Unfortunately, path dependency, corporate short-sightedness and shareholder pressure often result in sustainability concerns being poorly integrated in decision-making processes. At director level, a shift towards potentially less profitable activities is always a risky move, one that may even take you off the board.
Defining directors’ duty of care, not only in short-term profit maximisation, but also for sustainability concerns, such as environmental impacts, fair salaries, or gender equality, would in part alleviate this pressure. Given the leading role of directors in defining company strategy and overseeing operations, they should have a duty to integrate sustainability risks and opportunities in the overall commercial plan.
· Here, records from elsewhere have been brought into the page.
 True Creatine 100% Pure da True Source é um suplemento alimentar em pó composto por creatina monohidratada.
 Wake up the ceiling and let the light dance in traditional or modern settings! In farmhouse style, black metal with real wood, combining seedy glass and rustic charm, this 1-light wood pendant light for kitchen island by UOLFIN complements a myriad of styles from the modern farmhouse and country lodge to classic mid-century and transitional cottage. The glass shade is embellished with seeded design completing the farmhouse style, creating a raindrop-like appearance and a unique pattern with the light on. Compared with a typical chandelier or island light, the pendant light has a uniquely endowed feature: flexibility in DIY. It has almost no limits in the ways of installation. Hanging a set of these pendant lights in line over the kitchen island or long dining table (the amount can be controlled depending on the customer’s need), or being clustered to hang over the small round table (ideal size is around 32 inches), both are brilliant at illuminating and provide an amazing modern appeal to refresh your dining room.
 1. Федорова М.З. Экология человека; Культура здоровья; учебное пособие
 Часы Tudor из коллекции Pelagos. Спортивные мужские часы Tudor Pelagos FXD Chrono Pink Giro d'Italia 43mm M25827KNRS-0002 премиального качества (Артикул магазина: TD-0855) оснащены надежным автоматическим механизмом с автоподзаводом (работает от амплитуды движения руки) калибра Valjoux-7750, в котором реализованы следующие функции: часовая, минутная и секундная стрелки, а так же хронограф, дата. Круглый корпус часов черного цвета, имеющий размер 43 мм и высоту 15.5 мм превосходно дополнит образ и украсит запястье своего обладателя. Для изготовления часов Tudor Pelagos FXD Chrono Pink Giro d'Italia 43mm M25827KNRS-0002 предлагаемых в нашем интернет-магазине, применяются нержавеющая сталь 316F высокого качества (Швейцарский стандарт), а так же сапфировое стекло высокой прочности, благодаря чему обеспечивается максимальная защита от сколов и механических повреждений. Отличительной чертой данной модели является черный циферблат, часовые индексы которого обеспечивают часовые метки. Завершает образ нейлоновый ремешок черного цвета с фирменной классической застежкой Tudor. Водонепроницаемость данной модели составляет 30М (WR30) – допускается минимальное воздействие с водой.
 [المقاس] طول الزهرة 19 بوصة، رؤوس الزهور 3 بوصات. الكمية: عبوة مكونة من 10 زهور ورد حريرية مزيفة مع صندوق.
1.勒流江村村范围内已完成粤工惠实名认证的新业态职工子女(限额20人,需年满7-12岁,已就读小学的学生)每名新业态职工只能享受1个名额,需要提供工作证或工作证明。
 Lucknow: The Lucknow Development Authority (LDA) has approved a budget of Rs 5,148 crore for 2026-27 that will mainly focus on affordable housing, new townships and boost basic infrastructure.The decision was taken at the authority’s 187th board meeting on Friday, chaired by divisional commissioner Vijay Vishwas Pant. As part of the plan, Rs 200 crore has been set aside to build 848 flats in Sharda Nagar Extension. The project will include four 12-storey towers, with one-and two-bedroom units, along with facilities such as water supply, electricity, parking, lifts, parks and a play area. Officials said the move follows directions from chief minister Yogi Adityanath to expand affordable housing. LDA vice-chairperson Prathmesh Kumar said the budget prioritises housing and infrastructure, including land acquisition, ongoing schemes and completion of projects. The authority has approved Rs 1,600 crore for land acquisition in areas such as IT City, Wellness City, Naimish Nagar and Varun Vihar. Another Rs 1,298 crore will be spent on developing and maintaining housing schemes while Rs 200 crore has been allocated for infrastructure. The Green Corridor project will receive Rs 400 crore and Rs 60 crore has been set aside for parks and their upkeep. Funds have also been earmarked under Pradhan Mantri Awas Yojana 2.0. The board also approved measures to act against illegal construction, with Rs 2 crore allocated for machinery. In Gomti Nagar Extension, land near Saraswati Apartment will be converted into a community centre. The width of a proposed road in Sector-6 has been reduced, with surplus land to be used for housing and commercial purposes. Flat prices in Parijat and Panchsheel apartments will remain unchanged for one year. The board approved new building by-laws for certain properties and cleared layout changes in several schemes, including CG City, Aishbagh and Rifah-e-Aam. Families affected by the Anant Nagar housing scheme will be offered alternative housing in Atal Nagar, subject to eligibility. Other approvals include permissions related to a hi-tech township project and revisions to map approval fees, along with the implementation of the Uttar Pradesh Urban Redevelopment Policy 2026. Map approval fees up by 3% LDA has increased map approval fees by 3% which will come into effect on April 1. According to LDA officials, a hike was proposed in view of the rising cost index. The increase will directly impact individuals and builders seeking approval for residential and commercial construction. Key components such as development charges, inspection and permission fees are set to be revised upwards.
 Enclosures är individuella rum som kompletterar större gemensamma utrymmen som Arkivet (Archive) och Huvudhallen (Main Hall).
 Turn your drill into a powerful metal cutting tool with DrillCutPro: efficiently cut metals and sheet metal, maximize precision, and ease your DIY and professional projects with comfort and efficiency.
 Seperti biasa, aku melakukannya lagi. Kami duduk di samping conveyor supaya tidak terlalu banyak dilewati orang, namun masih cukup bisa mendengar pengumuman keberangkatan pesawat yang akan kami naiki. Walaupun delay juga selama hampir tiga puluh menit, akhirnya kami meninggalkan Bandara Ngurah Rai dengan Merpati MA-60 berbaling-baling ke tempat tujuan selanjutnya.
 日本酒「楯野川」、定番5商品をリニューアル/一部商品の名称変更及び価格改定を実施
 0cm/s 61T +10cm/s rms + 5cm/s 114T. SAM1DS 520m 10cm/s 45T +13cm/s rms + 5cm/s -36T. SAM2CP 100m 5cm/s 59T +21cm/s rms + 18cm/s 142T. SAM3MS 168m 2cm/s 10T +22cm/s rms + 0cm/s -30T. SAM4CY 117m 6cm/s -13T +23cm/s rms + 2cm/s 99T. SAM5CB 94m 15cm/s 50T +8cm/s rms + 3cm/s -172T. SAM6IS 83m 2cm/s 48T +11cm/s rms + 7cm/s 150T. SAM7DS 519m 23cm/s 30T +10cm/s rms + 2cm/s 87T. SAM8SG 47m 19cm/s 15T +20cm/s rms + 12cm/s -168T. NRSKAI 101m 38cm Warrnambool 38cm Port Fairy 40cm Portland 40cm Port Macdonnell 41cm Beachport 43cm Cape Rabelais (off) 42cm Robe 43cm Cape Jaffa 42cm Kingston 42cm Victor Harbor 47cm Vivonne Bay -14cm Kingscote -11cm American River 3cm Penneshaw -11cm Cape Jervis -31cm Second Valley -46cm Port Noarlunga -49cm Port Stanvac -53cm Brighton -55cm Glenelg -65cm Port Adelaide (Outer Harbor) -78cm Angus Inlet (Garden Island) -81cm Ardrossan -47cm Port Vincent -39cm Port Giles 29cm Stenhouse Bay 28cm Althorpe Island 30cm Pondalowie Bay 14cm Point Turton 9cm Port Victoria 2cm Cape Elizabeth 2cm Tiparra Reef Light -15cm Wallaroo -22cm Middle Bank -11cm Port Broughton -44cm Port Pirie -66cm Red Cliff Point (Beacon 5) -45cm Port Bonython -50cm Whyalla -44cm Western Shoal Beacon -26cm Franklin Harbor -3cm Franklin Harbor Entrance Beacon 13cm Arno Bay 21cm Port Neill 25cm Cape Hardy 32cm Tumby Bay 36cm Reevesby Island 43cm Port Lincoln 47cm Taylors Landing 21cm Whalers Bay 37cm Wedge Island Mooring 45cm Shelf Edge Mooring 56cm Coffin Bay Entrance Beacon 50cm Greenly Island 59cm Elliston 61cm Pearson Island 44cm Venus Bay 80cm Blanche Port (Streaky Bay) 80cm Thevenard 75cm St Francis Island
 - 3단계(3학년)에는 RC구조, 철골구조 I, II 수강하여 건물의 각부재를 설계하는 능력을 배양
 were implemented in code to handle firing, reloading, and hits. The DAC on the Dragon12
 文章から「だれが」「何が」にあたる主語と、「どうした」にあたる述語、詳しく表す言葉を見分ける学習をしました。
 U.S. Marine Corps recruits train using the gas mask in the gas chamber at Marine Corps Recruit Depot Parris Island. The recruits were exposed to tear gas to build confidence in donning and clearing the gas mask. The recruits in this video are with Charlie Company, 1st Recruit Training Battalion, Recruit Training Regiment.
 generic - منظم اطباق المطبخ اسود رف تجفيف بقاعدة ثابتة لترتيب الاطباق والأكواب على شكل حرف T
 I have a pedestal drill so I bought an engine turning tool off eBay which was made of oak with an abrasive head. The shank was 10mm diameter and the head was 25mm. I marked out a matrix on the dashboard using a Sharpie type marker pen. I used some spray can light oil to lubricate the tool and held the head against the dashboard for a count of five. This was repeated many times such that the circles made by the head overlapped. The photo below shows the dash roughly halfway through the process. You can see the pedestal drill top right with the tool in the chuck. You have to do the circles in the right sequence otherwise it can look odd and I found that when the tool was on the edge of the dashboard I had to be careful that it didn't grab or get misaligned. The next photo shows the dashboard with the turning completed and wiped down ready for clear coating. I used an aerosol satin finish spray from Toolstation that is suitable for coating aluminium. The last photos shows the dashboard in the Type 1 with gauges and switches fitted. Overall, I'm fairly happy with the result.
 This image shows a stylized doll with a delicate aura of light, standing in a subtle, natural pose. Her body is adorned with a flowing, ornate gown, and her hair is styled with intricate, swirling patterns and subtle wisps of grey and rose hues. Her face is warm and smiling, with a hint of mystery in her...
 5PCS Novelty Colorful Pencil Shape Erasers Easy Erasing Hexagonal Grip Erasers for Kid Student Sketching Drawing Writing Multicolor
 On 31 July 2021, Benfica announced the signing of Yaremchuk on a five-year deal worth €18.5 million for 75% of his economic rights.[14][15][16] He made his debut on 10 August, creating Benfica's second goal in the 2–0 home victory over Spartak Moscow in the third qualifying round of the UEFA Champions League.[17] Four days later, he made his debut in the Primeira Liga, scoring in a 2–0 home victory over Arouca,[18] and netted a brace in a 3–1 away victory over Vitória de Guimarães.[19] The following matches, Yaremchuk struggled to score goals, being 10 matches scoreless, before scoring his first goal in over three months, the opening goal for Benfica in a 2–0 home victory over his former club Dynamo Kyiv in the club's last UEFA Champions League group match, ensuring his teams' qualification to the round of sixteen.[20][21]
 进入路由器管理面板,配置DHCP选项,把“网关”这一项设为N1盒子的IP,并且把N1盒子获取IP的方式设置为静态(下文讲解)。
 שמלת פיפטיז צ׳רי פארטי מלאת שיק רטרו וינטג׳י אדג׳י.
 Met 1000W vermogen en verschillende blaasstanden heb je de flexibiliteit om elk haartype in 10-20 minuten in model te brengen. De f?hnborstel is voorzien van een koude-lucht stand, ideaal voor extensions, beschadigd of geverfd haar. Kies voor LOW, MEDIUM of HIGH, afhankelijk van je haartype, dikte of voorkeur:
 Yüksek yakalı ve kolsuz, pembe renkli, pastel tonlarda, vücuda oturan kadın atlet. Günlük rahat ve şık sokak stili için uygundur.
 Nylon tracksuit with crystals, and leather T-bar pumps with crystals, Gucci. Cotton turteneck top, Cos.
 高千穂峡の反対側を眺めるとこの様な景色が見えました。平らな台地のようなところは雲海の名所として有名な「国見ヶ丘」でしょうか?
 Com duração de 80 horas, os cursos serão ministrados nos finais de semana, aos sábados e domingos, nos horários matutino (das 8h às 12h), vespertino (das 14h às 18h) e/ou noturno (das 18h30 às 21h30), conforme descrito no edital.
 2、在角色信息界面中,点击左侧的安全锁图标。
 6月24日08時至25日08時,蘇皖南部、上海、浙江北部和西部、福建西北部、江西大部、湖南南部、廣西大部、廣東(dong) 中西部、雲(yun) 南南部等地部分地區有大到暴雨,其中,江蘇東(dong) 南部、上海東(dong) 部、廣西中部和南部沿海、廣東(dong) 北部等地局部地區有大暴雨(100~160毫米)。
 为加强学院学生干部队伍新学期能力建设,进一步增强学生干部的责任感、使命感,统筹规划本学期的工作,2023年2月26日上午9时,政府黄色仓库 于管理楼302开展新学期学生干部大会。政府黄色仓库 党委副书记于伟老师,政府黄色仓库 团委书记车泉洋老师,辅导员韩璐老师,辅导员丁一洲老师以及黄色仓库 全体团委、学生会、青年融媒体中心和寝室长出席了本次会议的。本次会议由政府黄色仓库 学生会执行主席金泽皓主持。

While this redefinition of directors’ duties could change the decision-making processes of companies, a transition cannot happen without a real incentive (or at least no disincentive) to be virtuous. This implies creating a level playing field for companies endeavouring to produce goods and services in a sustainable manner, in a world where global trade thrives on less stringent environmental and social legislations in third countries.
However, cheap products come with hidden costs. At the same time, we cannot expect EU companies to integrate these costs into their price tags if they are faced with implacable competition. A due diligence mandatory framework would therefore allow virtuous European companies to compete on an equal footing.
This can be achieved by imposing an obligation - on all those operating in the Single Market - to identify vulnerabilities in their supply chains and prevent and mitigate those risks. We Europeans must show our willingness to change the ugly reality of immoral economic operations by using the greatest leverage we have at our disposal: our capacity to impact trade rules through import decisions.
“Unfortunately, path dependency, corporate short-sightedness and shareholder pressure often result in sustainability concerns being poorly integrated in decision-making processes”
I do not believe the tension between long-term challenges and short-term interests can be resolved in one (or two, or three) pieces of legislation. I do know, however, that companies who have an active CSR policy are more resistant to crises, recruit talent easier and have better access to financing. Sustainable corporate governance can prevent organisations from investing in soon-to-be stranded assets, and parliamentarians from brandishing ever more coercive legislations to fight against climate change, deforestation, or human rights abuses.
Sustainable corporate governance is nothing less than shaping a new business model, an EU and sustainable one, with norms that will spin-off to other parts of the world thanks to the weight of the Single Market. It’s time to invent our future.